The UCSD researchers also track the transmission of drug resistant strains. About 20 percent of new HIV cases in San Diego are infected with a drug resistant strain, Smith says. This is a major problem because it takes three drugs to control the infection, and if a person is already resistant to just one of these drugs, they may quickly develop resistance to the other two. “So then we’ve just blown three drugs for this person,” Smith says. In a 2008 paper in the Open AIDS journal, Smith’s team showed that methamphetamine users in San Diego have a high frequency of transmitted drug resistance.


Phylogenetic data have also been used as evidence in HIV criminal trials. For example, in a highly publicized case in Libya, six international medical workers were sentenced to death for allegedly infecting hundreds of children in a Libyan hospital with HIV. A month before the final appeal hearing in 2006, Pybus and his colleagues were asked to analyze viral sequences from the infected children. “That basically gave us a few weeks to actually do the analysis and write it up and get it published before this trial. We knuckled down and did the analysis in about seven days. We didn’t get much sleep,” Pybus says. Using BEAST software on a 60-processor computer cluster at Oxford University (which they tied up for the week), they built evolutionary trees and dated the most recent common ancestor of the outbreak. The paper was published in Nature with just days to spare before the hearing. Their findings unequivocally exonerated the medical workers: The outbreak arose from a single ancestor that predated the arrival of the medical staff to the hospital (March of 1998); and 40 percent of the diversity in the circulating strains was already present when the staff arrived. The epidemic was probably due to a long-standing infection control problem at the hospital, Pybus says.


Though the paper was ignored at the 2006 trial and the medical workers were again sentenced to death, it apparently had an impact behind the scenes, Pybus says. “From what I’ve heard, our analysis did help in that it changed the tone of the diplomatic negotiations afterward.” Six months later, the medical workers were released. “That was enough politics for me for one lifetime,” Pybus says.

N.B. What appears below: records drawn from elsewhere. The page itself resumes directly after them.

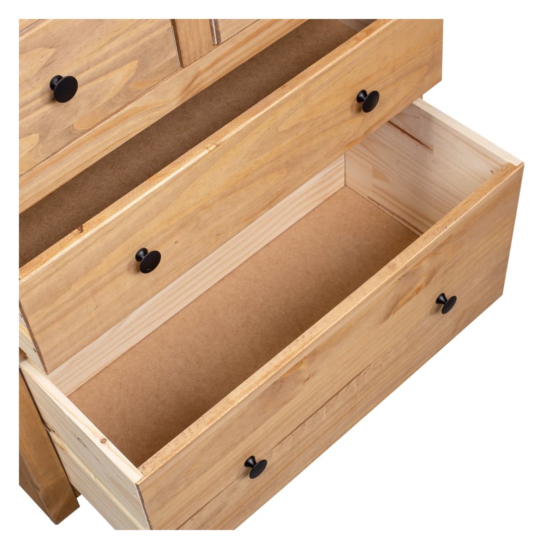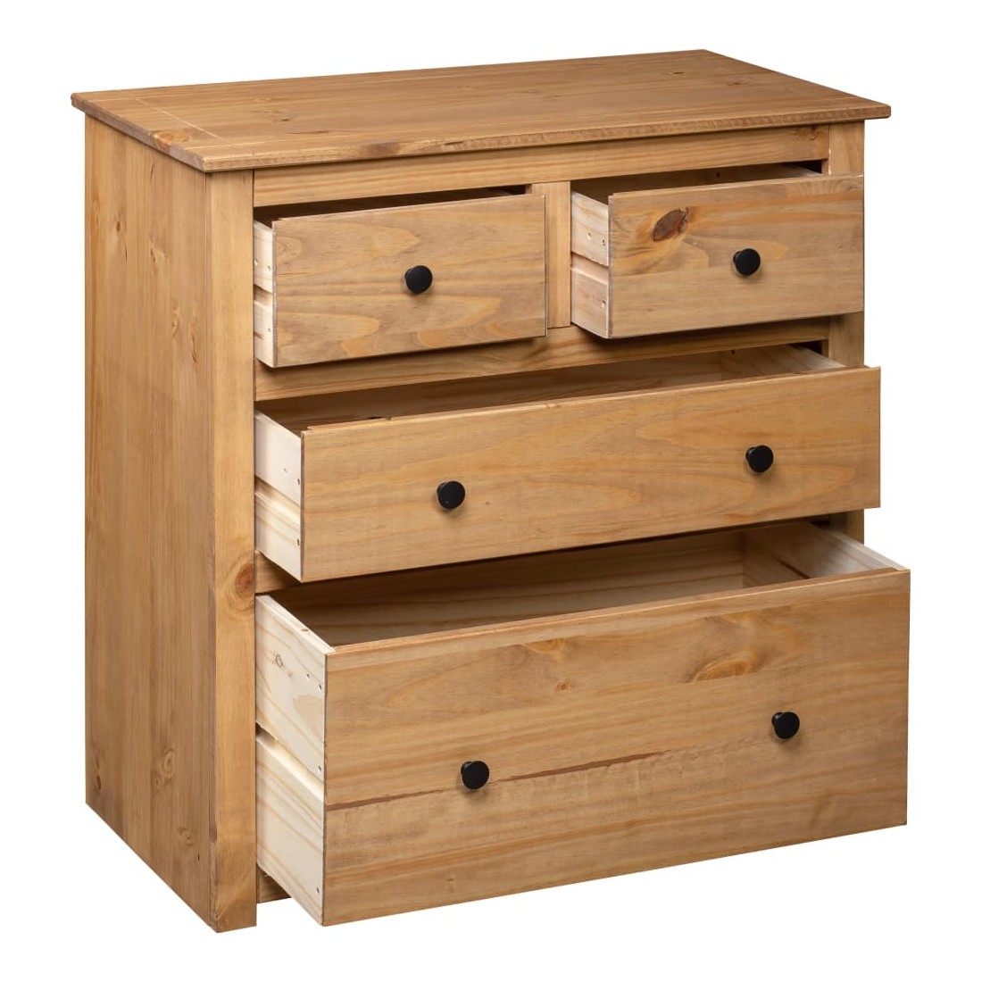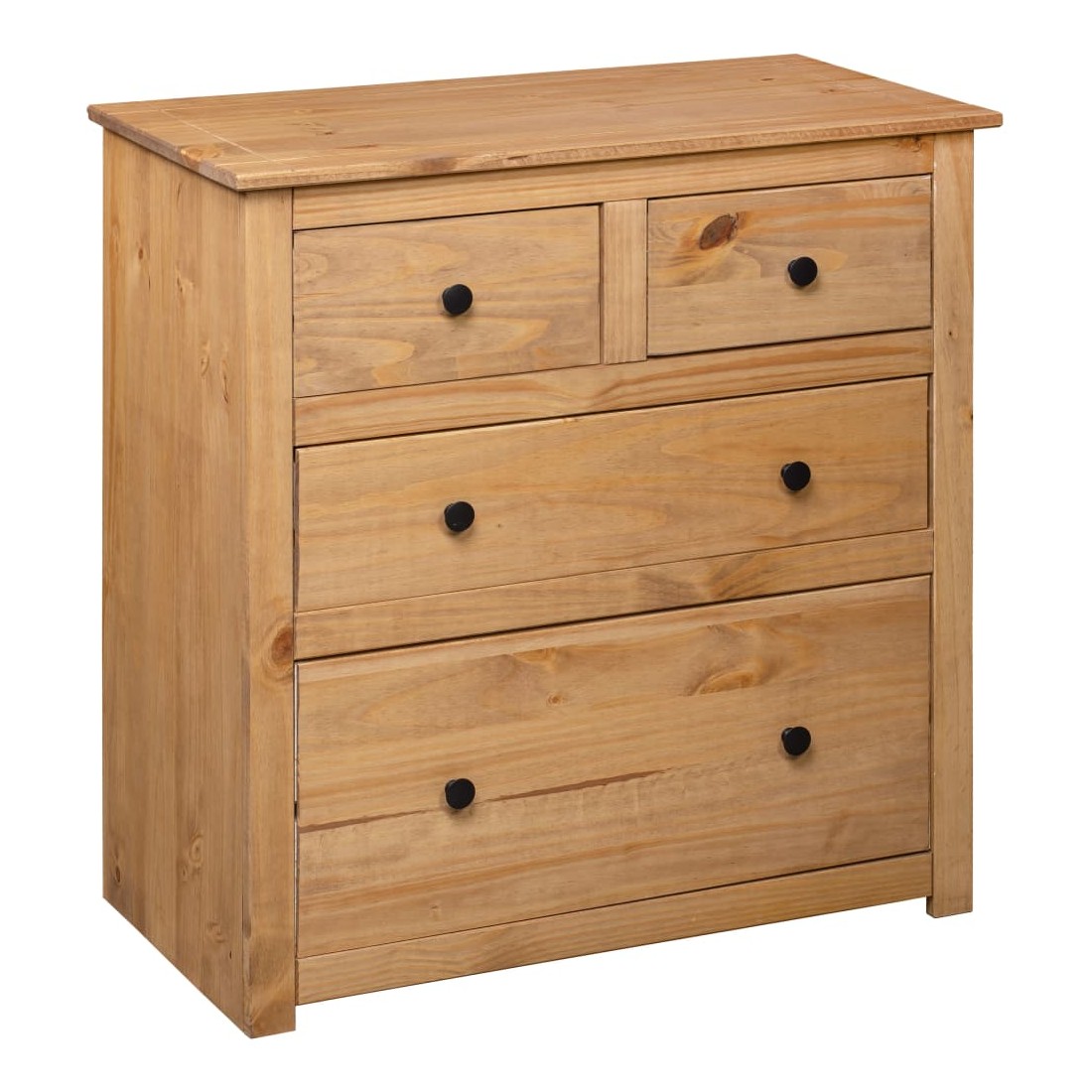 Doté d'un design rustique et tendance, ce buffet en bois solide sera un supplément décoratif et pratique à votre espace de vie. Conçu avec 4 tiroirs, le buffet garde vos magazines, livres, DVD et appareils multimédias bien organisés et à portée de main. Son dessus robuste est idéal pour placer des objets décoratifs tels que des vases ou des plantes en pot. L'armoire est fabriquée en bois de pin massif. Chaque étape du processus est réalisée avec un soin exceptionnel, qu'il s'agisse du polissage, de la peinture ou du laquage. L’artisanat exquis et les grains de bois esthétiquement attrayants rendent chaque pièce de meubles unique et légèrement différente l'une de l'autre. Remarque importante : les couleurs et les grains peuvent varier d'une pièce à l'autre, rendant chacune de nos armoires unique. La livraison est aléatoire, garantissant l'exclusivité et l'individualité de votre produit.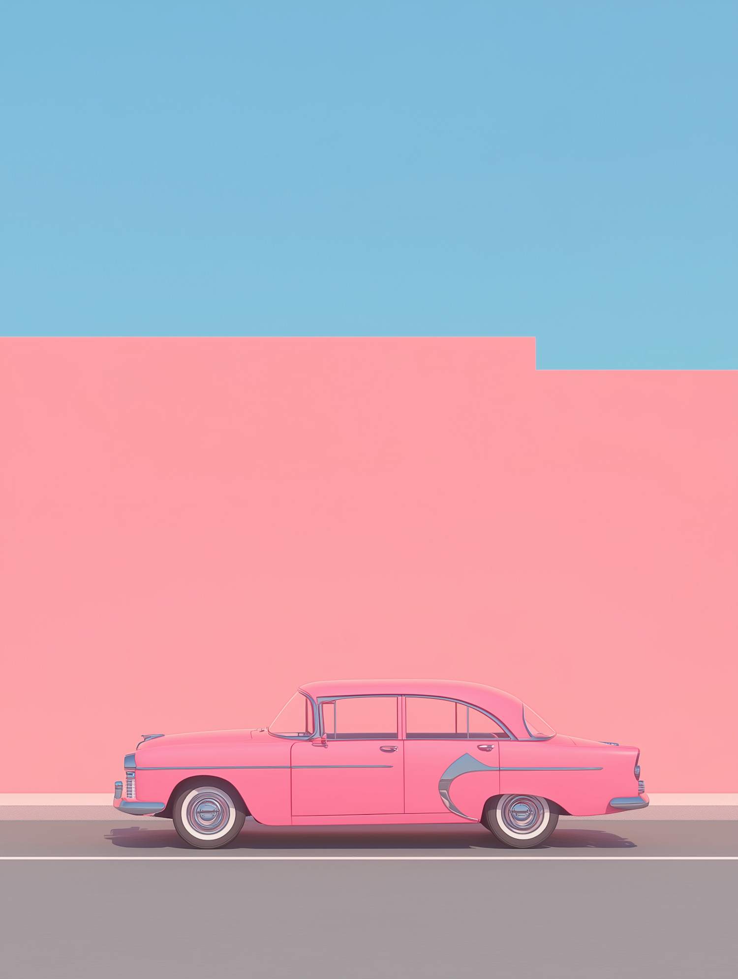 Vintage pink car against a pastel pink wall with a clear blue sky, creating a minimalist and retro aesthetic.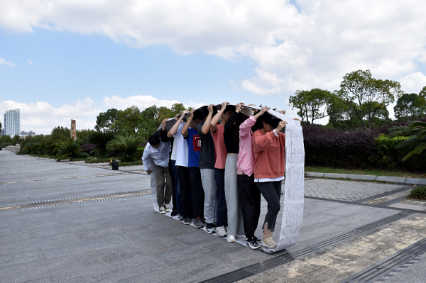 本次体验式培训形成的队伍分别是“赚它一个亿队”、“青青草原队”、“三队全都对队”和“化成天下队”。在团队PK环节,首先进行的“无敌风火轮”要求每支队伍在有限的时间内,用胶带将报纸拼接起来制作履带,各队成员在履带内行走前进。各队队员们热烈讨论,使出浑身解数制作尽量稳固的“风火轮”。正式比赛中,同学们整齐划一地喊出口号,齐心协力向终点进发。正如履带中的齿轮一样,又快又稳的前行离不开每位同学的努力。
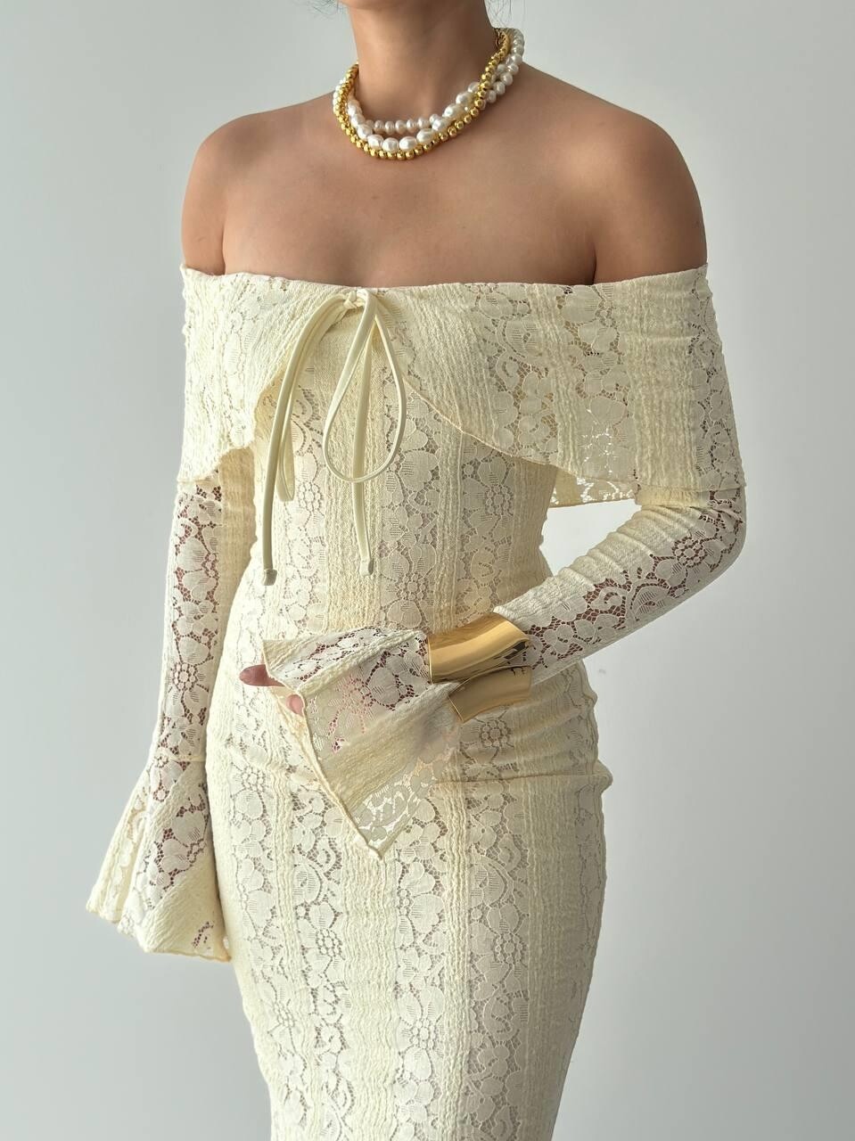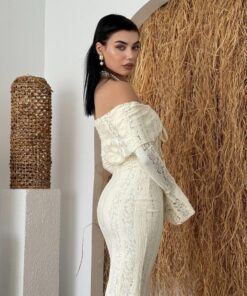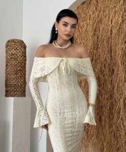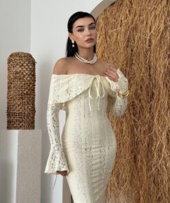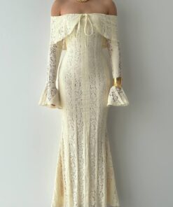 أما الأكمام الطويلة بتفصيل الجرس فهي لمسة فخمة تضيف سحرًا كلاسيكيًا لتصميم عصري.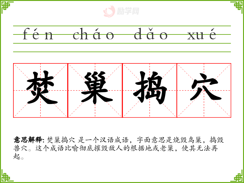 1.焚巢捣穴的拼音是什么?焚巢捣穴怎么读?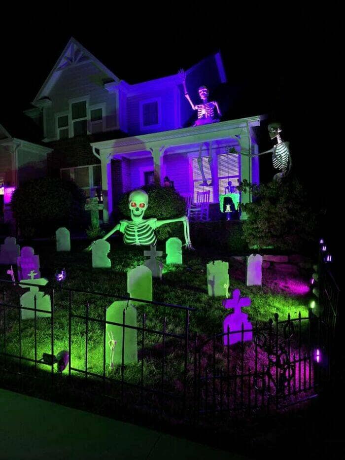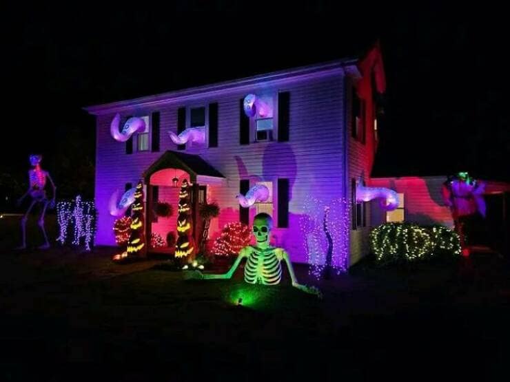 This collection of Halloween decorations showcases some of the most creative and over-the-top setups you’ll see this spooky season. From towering skeletons to intricately designed haunted house facades, these decorations prove that people are taking Halloween to a whole new level. As you scroll through, you’ll find everything from hilarious skeleton scenes to genuinely creepy yard displays that will give you both ideas and envy. These Halloween decorations are perfect for those who love to go all out for the holiday or just appreciate the creativity that others bring to their homes. Whether it’s funny, spooky, or just plain impressive, these decorations will get you in the Halloween spirit.

The Host Level: Glimpsing Natural Selection in Real-Time

Scientists use the same techniques to study within-host evolution as they use to study population-level evolution. There’s one difference, however: natural selection plays a much bigger role in driving evolution within an individual, as the virus attempts to escape specific immune and drug pressures. “It’s beautiful natural selection, just like Darwin explained,” Crandall says. Identifying these escape mutations presents an additional challenge for modelers.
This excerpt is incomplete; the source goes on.